■ Required action:
Beginning with the line containing "Each bedroom offers", transcribe every line exactly down to the last one in the records below, and drop the pictures.
--- Material for this task ---
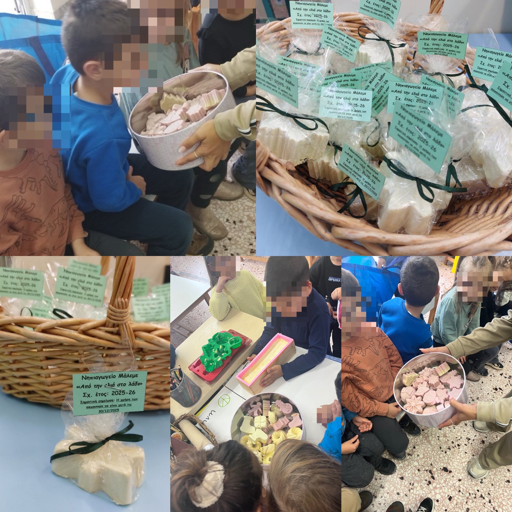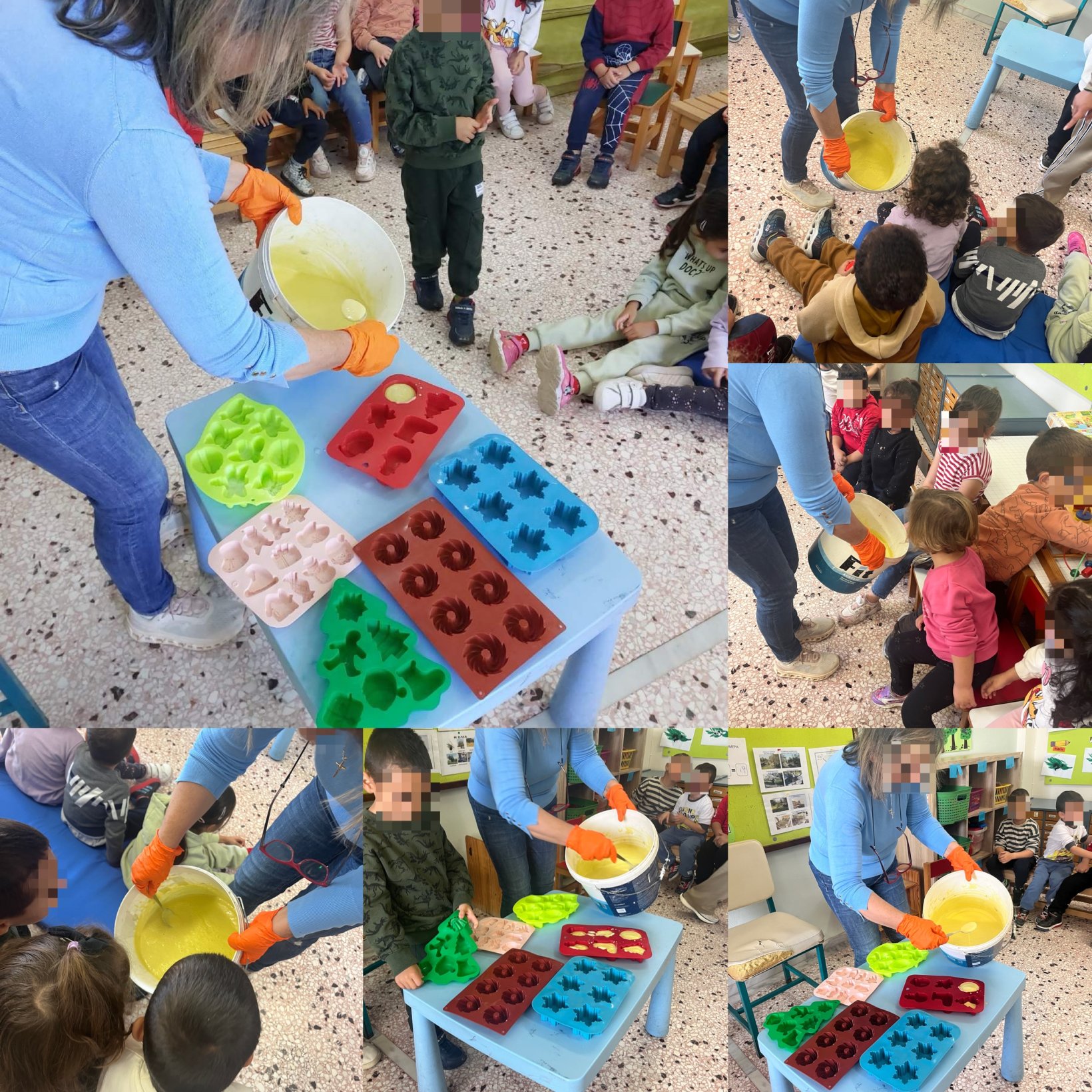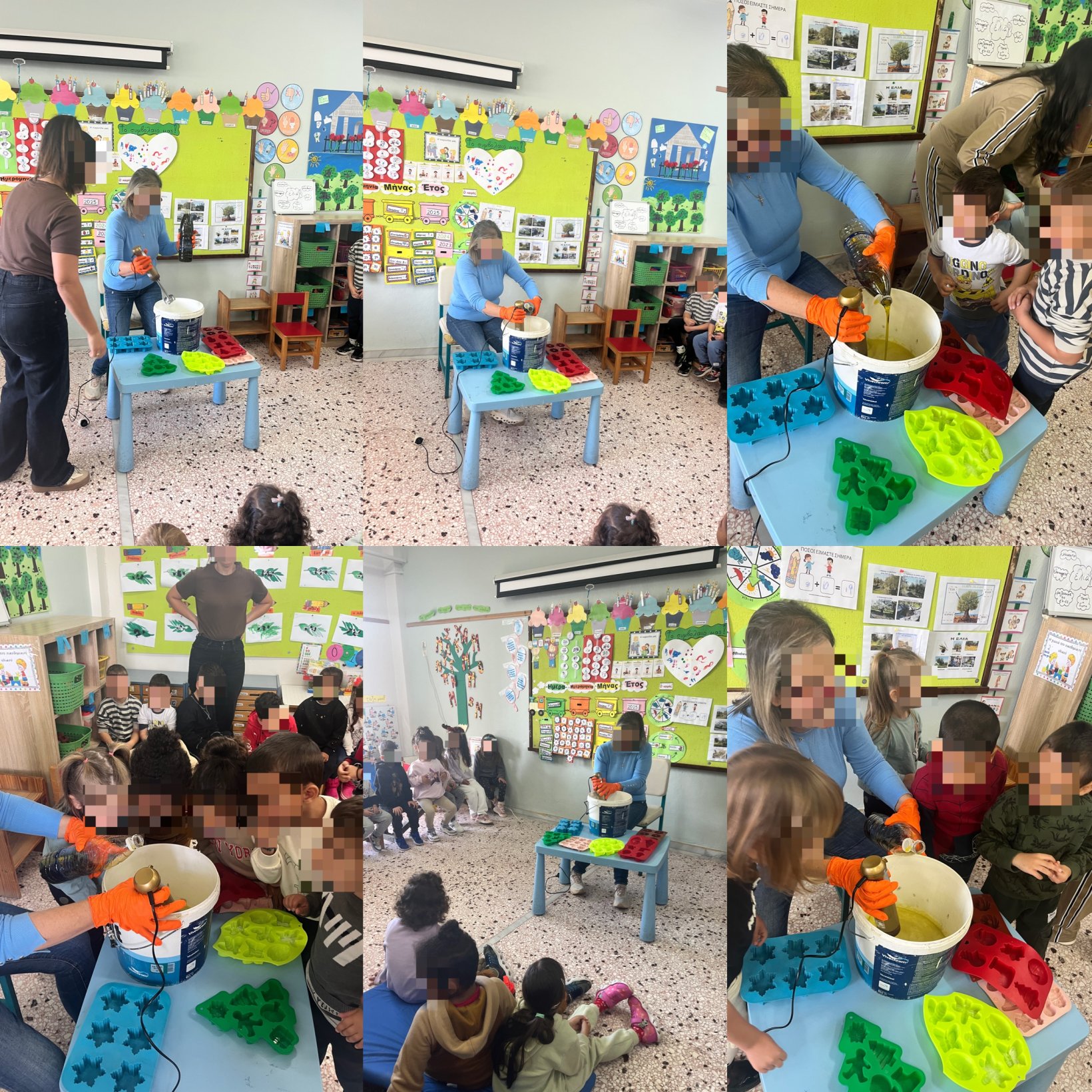 Μία από τις πιο αξέχαστες στιγμές ήταν η επίσκεψη της γιαγιάς ενός παιδιού, η οποία ήρθε στο νηπιαγωγείο και μας έδειξε πώς φτιάχνουμε χειροποίητο σαπούνι. Τα παιδιά παρακολούθησαν με ενθουσιασμό και έμαθαν πώς ένα προϊόν της ελιάς μπορεί να μεταμορφωθεί σε κάτι καθημερινό και χρήσιμο.
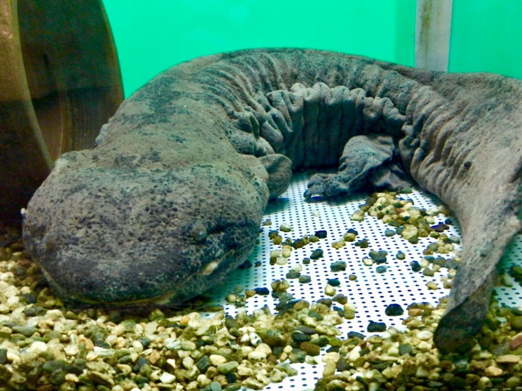 順番が前後するが…赤目四十八滝の入り口に、特別天然記念物オオサンショウウオの水槽が。この川に野生しているらしい。初めてオオサンショウウオを見たけど、これは大物。全長50センチメートル位ある。迫力あるが…意外に愛嬌がある顔してるんだな。世界最大の両生類らしいな。
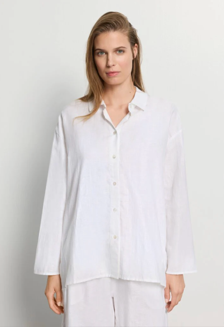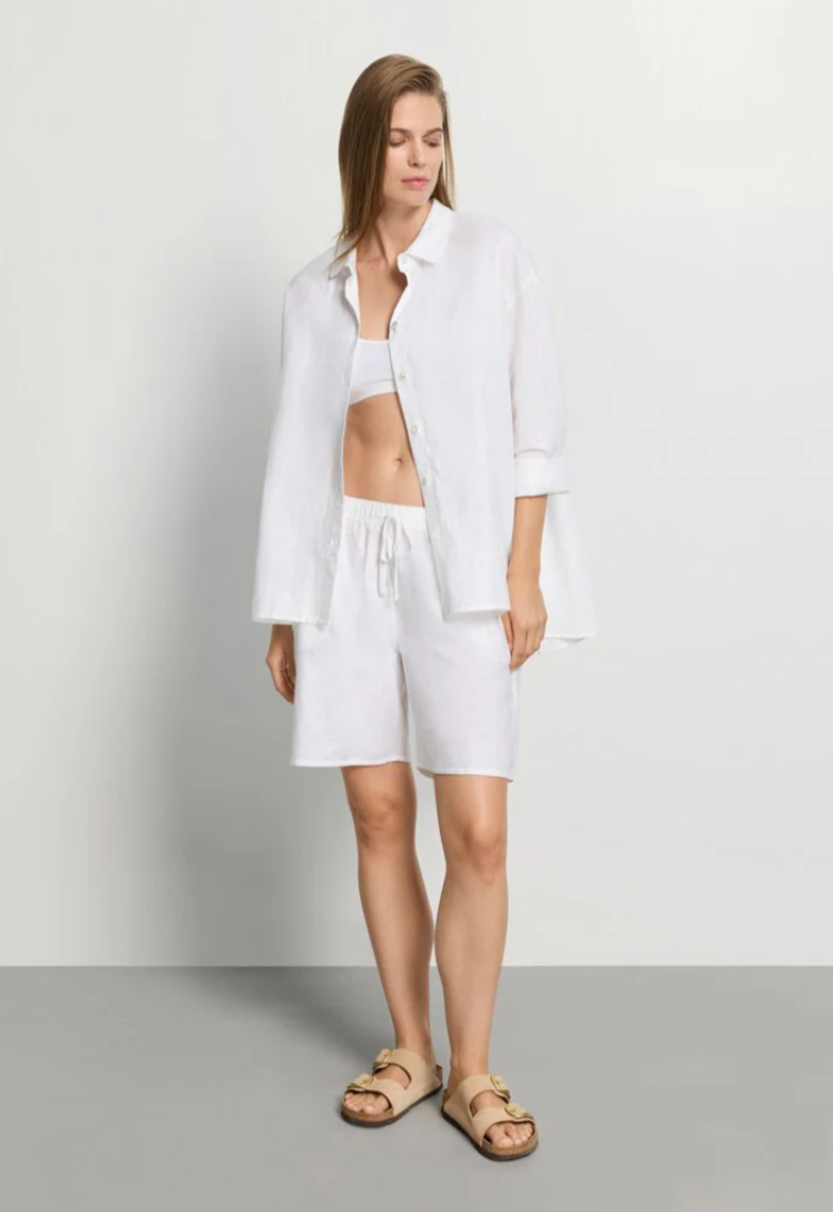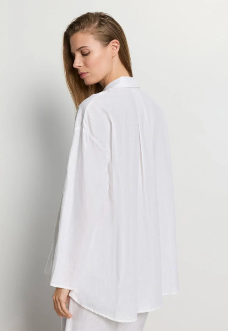Lækker klassisk skjorte fra Hanro, der er skabt til en let og stilren sommergarderobe. Modellen har gennemgående knaplukning og en let forlænget ryg, som giver et afslappet og elegant udtryk. De fine læg bagpå tilfører både bevægelsesfrihed og en smuk, levende silhuet, så skjorten falder naturligt om kroppen.
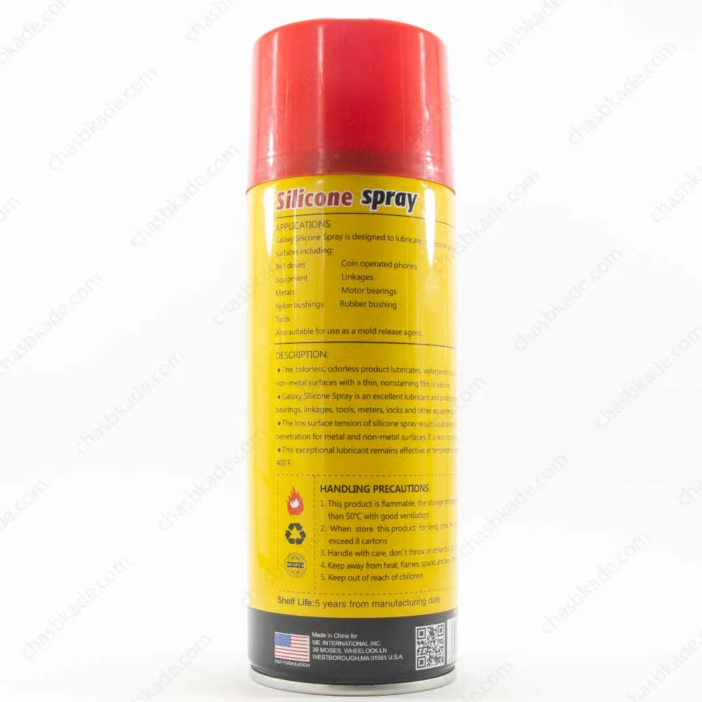 اسپری سیلیکون گلکسی یک روانکننده و محافظ ضدآب است که برای کاهش صدا، جلوگیری از زنگزدگی و بهبود عملکرد سطوح متحرک کاربرد دارد.
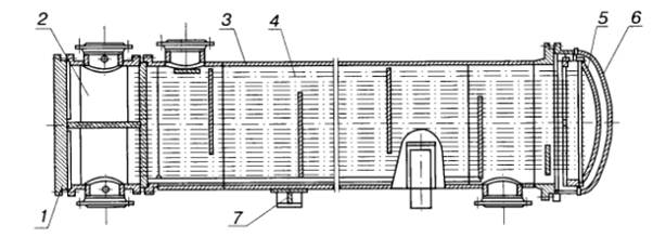 1 — крышка распределительной камеры; 2 — распределительная камера; 3 — кожух; 4 — теплообменная труба; 5 — крышка плавающей головки; 6 — крышка кожуха; 7 — опора
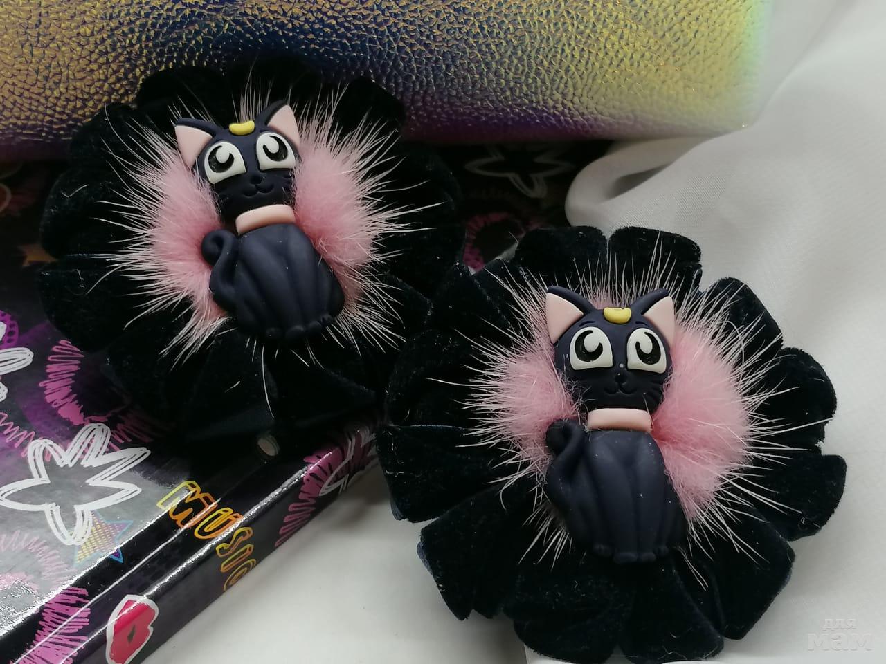 3) Продолжаю показывать кошек. В этот раз универсальный вариант - и на выход под наряд, и под школьную форму. Цвет кошки и бархата ТЕМНО-СИНИЙ!
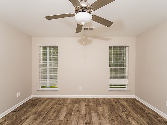Each bedroom offers comfortable proportions, ceiling fans, and generous closet space. The primary suite includes a private bathroom with a double-sink vanity and elegant finishes, while the second full bath offers a polished, practical setup for guests or daily routines.
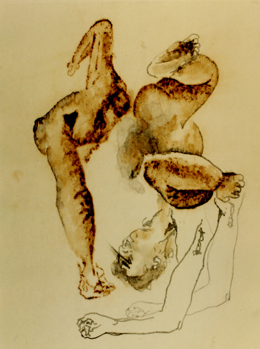 , 1990, Taken from the series "Falling Angels", Coffee, ink and acrylic glue on paper.
---
■ Answer section:
Each bedroom offers comfortable proportions, ceiling fans, and generous closet space. The primary suite includes a private bathroom with a double-sink vanity and elegant finishes, while the second full bath offers a polished, practical setup for guests or daily routines.
 , 1990, Taken from the series "Falling Angels", Coffee, ink and acrylic glue on paper.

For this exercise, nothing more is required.